Studio album by Various artists
- Released: 1985
- Genre: Country
- Label: World Series of Country Music
- Producer: Mike Hopkins

Various artists chronology
| NASCAR Goes Country (1975) | World Series of Country Music Proudly Presents Stock Car Racing's Entertainers of the Year (1985) |  |

= World Series of Country Music Proudly Presents Stock Car Racing's Entertainers of the Year =

World Series of Country Music Proudly Presents Stock Car Racing's Entertainers of the Year is a studio album released in 1985 by World Series of Country Music. The album was compiled of 21 original country music songs with lead vocals of all songs all sung by various NASCAR drivers, plus an introduction track by Ned Jarrett.

== Background ==
The album was the creation of country music promoter Mike Hopkins, who wanted to create a concept album featuring NASCAR's biggest stars to express themselves musically. Hopkins, trying to avoid the flop of NASCAR Goes Country, hired 25 professional songwriters to write songs for the album, of which 80 songs were created, and 21 were chosen for drivers to sing. Songs were chosen based on a driver interview, asking them what drove their ambition, heroes, families, and more. Hopkins told the songwriters "Here are the words of an auto racer, what he believes, what he stands for. You go and write me a song from this material." Around $200,000 was poured into the project.
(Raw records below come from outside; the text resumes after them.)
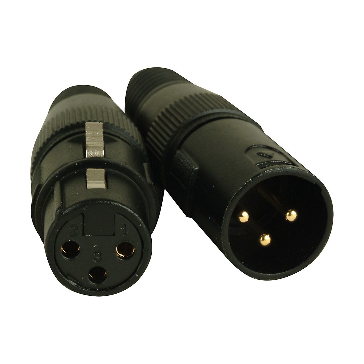 3-pin DMX connectors--one male, one female--with gold pins.
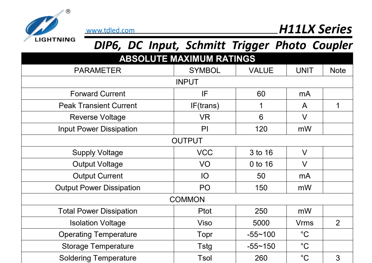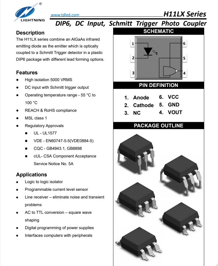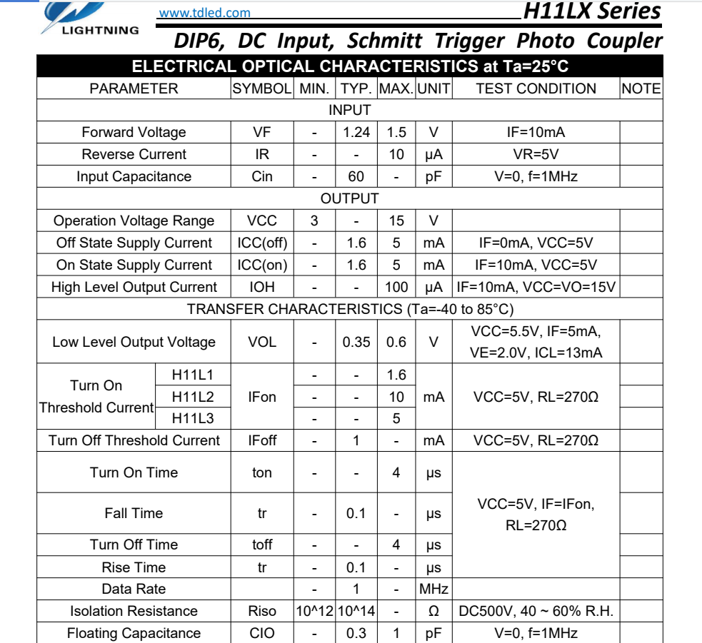 天電TDH11L1為6腳施密特觸發(fā)型光耦,耐壓5000VRMS,輸出電壓VCC: 3V TO 16V,輸入電流IF60MA,尺寸6.5*4.58*3.5MM,工作溫度:-55℃TO 100℃,接通閾值電流為:1.6MA,應用于? 邏輯到邏輯隔離器,可編程電流水平傳感器,線路接收器–消除噪聲和瞬態(tài)交流到TTL轉(zhuǎn)換-方波塑造,電源的數(shù)字編程,計算機與外圍設備的接口;?
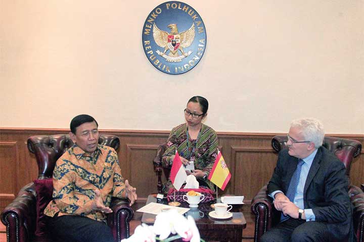 WAKIL Menteri Luar Negeri Spanyol Idelfonso Castro menemui Menteri Koordinator Bidang Politik, Hukum, dan Keamanan Wiranto, di Kantor Kemenko Polhukam, Jakarta, Jumat (17/11)
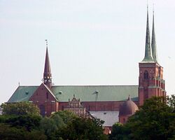 Located on the site of a 10th-century wooden church, the cathedral was built in the 12th and 13th centuries when the Romanesque style was influenced by Gothic trends from northern France.[52] It was the first Gothic cathedral in Scandinavia to be built of brick, resulting in the spread of this style throughout northern Europe. With its 39 royal tombs, the cathedral is to this day the burial site for Danish monarchs. Since 1995, it has been listed as a UNESCO World Heritage Site, encouraging some 100,000 tourists to visit it each year.[53] The cathedral houses a museum on its upper floor, tracing the building's history. A working church, it also hosts concerts throughout the year.[54]
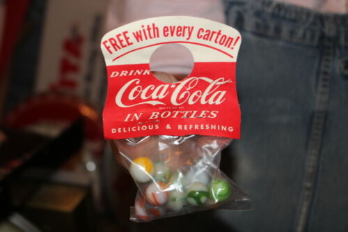Title (ebay affiliate link): Original Vintage 1950''s Coca Cola Glass Marbles Unopened Toy Soda Pop Sign
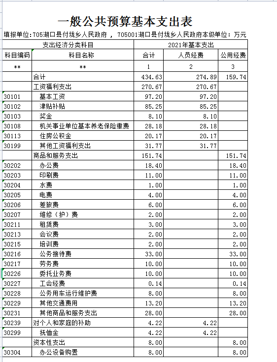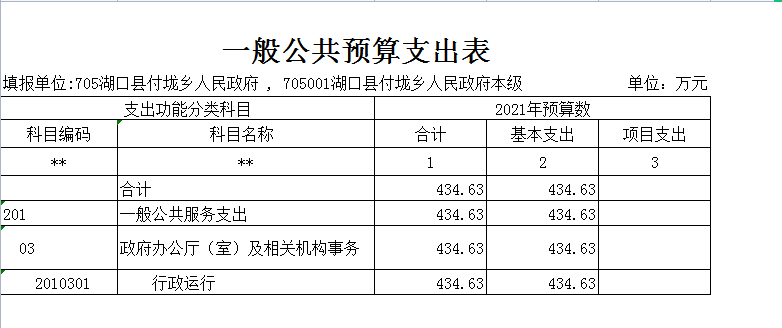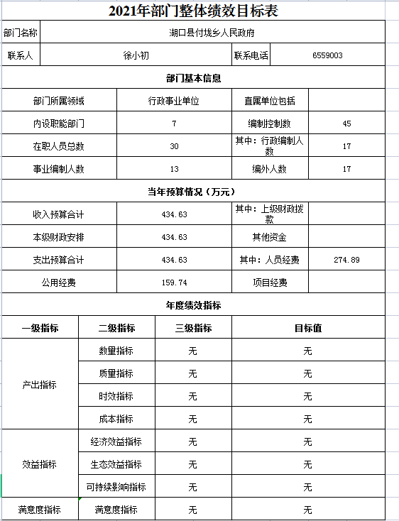 第三部分 湖口县付垅乡人民政府2021年部门预算表
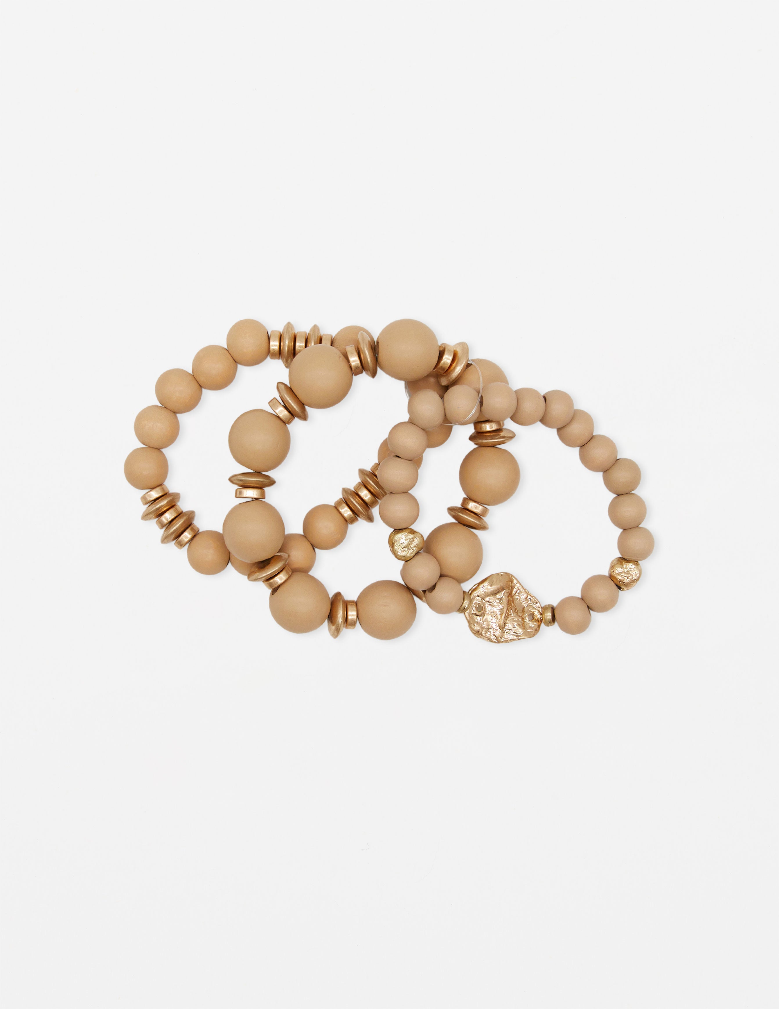 Set of 3 Neutral Wood Beads Bracelet
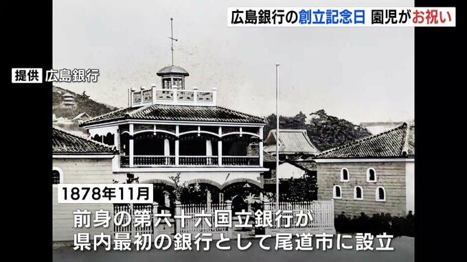 きょうで、146回目の創立記念日を迎えた広島銀行を広島市の園児たちがダンスと歌で祝いました。
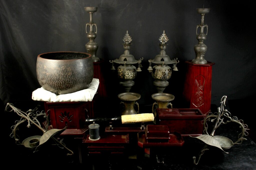 仏教美術 仏具一式 花立 灯籠 おりん 輪灯 唐木台 14点 を買取いたしました。弊社では希少な骨董品も取り扱っておりますので、骨董品のことならお任せください。ご不要の物がでてきましたら、是非弊社に査定をさせてください。2026年3月12日 広島での骨董美術品買取ならサンセリテアートにお任せください。コンフィアンス株式会社
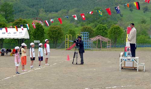 この校長先生,白のジャケット姿がいかにも山の学校の校長先生という感じがして好ましい。しかし,赴任してから今年で3年目,過去の2回の運動会はいずれも雨に見舞われ,「雨ふり校長」と呼ばれているそうである。
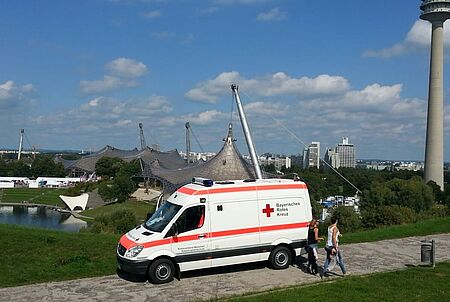 Das Münchner Rote Kreuz war entlang der Laufstrecke und im Start-/Zielbereich mit 15 ehrenamtlichen Helfer*innen und einem Notarzt präsent, um im Notfall schnell Erste Hilfe leisten zu können. Fünf Fahrzeuge dienten dabei als mobile Sanitätsstationen.
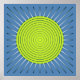 Mid-Century Modern abstract sunburst with a silky, gradient effect - bright lime green on a soft denim blue background, accented with silver
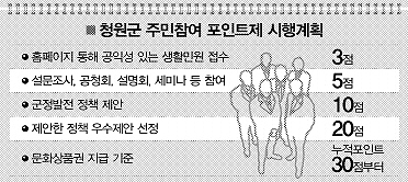 충북 청원군은 군민들이 적극적으로 군정에 동참하도록 하기 위해 도내에서 처음으로 내년부터 ‘주민참여 포인트제’를 운영한다고 21일 밝혔다.
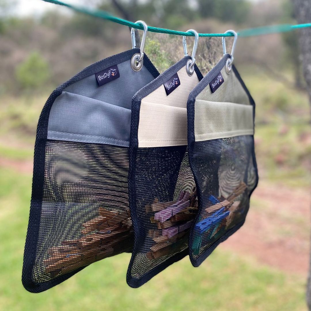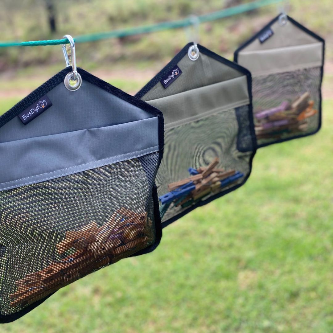The Bosdyf Peg Bag is a practical and reliable accessory for organizing and storing clothes pegs and can be ordered with or without 20 pegs and 10m rope.
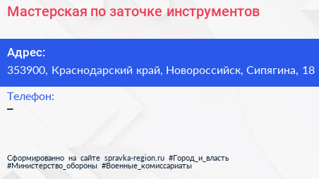 Мастерская по заточке инструментов по адресу 353900, Краснодарский край, Новороссийск, Сипягина, 18 в дальнейшем Организация, размещена в следующих категориях:
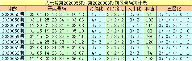 大乐透第2020063期奖号为:11 18 20 21 33 + 06 07,其中前区奇偶比3:2,012路比3:0:2,大小比4:1,和值103,五区比0:1:3:0:1。
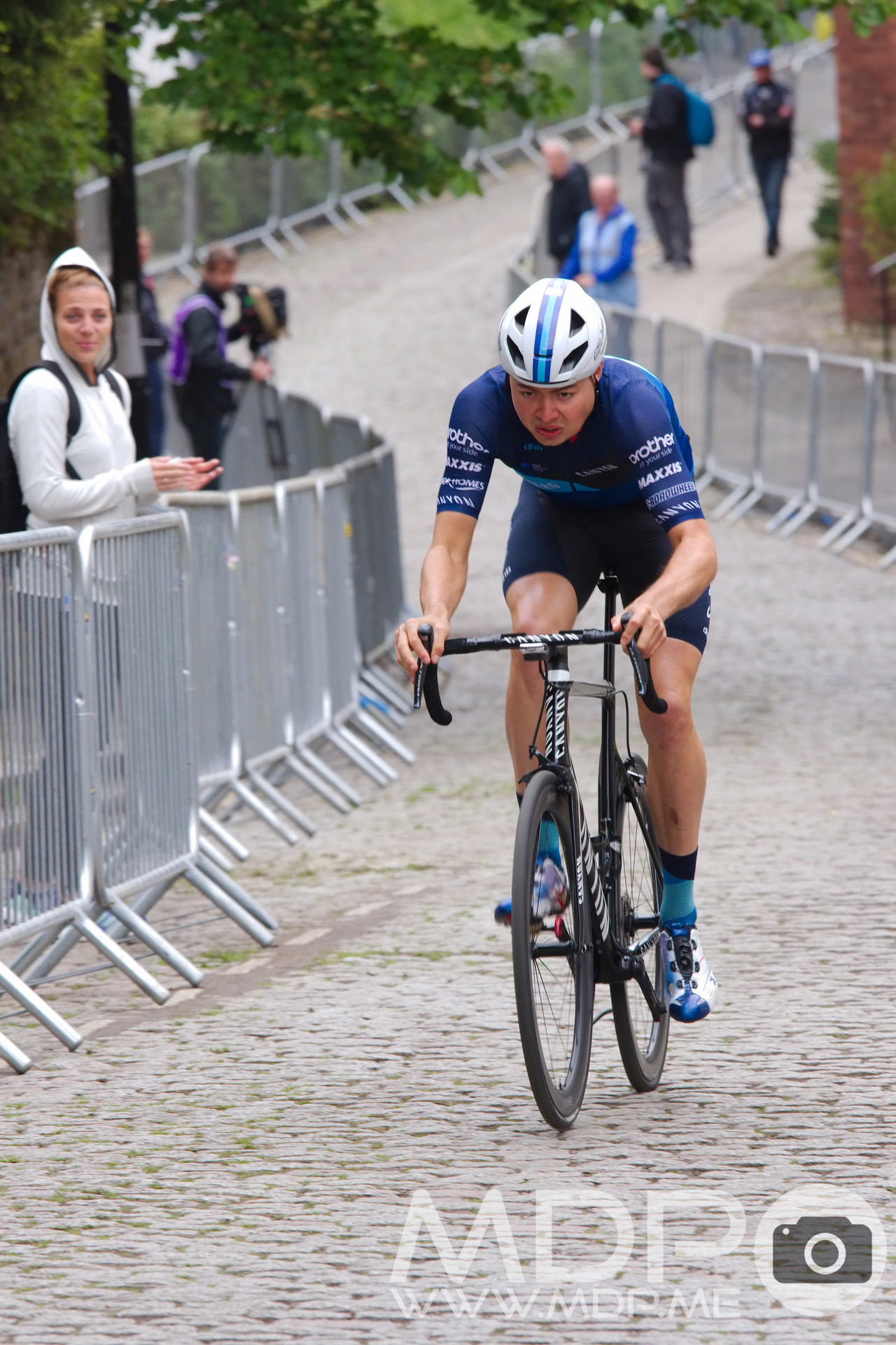 Harry Tanfield didn't look as if he enjoyed the cobbled climb too much. Nevertheless, his team, Canyon Eisberg, finished the event second overall, behind Madison Genesis.

Many of the songs relate to achievements or the drivers' personality. For example, Bobby Hillin Jr. talks about his crew chief, Harry Hyde. Dale Earnhardt's song, "Hard Charger", relates to his rough reputation. Bill Elliott's song talks about his career.

Fans formerly could order an album by sending $19.95 plus $3.00 handling to World Series of Country Music. To help promote the album, NASCAR driver and legend Ned Jarrett would make commercials promoting the album in 1985.

== Track listing ==

| No. | Title | Artist | Length |
|---|---|---|---|
| 1. | "Moderation" | Ned Jarrett | 0:52 |
| 2. | "The People Who Love Me (Worry a Lot)" | Kyle Petty | 3:52 |
| 3. | "Wizard of the Wheel" | Dick Brooks | 3:15 |
| 4. | "Born to Drive" | Phil Parsons | 2:23 |
| 5. | "A Crazy Racin' Man" | Bill Elliott | 1:29 |
| 6. | "Race Track Fever" | Dale Jarrett | 2:17 |
| 7. | "I'm Puttin' You in My Rearview" | Buddy Baker | 2:18 |
| 8. | "A Driver's Prayer" | Trevor Boys | 3:33 |
| 9. | "The All-American Stock Car Racing Fan" | James Hylton | 1:51 |
| 10. | "The Winner" | Cale Yarborough | 2:36 |
| 11. | "Trying to Win It All" | Ricky Rudd | 1:58 |
| 12. | "Me and the Rookie" | Benny Parsons | 3:58 |
| 13. | "Thanks for the Ride, Harry Hyde" | Bobby Hillin Jr. | 1:56 |
| 14. | "That Race Car Makes a Demon Out of Me" | Bobby Allison | 2:08 |
| 15. | "It's What's Up Front That Counts" | Rusty Wallace | 2:29 |
| 16. | "Super Speedway Man" | Ron Bouchard | 1:57 |
| 17. | "The Iceman's Hot" | Terry Labonte | 2:14 |
| 18. | "The Man, Geoff Bodine" | Geoff Bodine | 2:54 |
| 19. | "I'm Doin' the Best with What I Got" | Dave Marcis | 2:00 |
| 20. | "T-Bone" | Richard Childress | 2:46 |
| 21. | "I'm Always a Winner with You" | Joe Ruttman | 2:42 |
| 22. | "Hard Charger" | Dale Earnhardt | 2:23 |

== Reception ==
While better than the previous album including NASCAR drivers, it was still a flop. Only 20,000 copies were ever sold, and the album was eventually pulled a couple of years later by the label. The album has gone largely into obscurity, but on occasion NASCAR and its drivers still remember the album.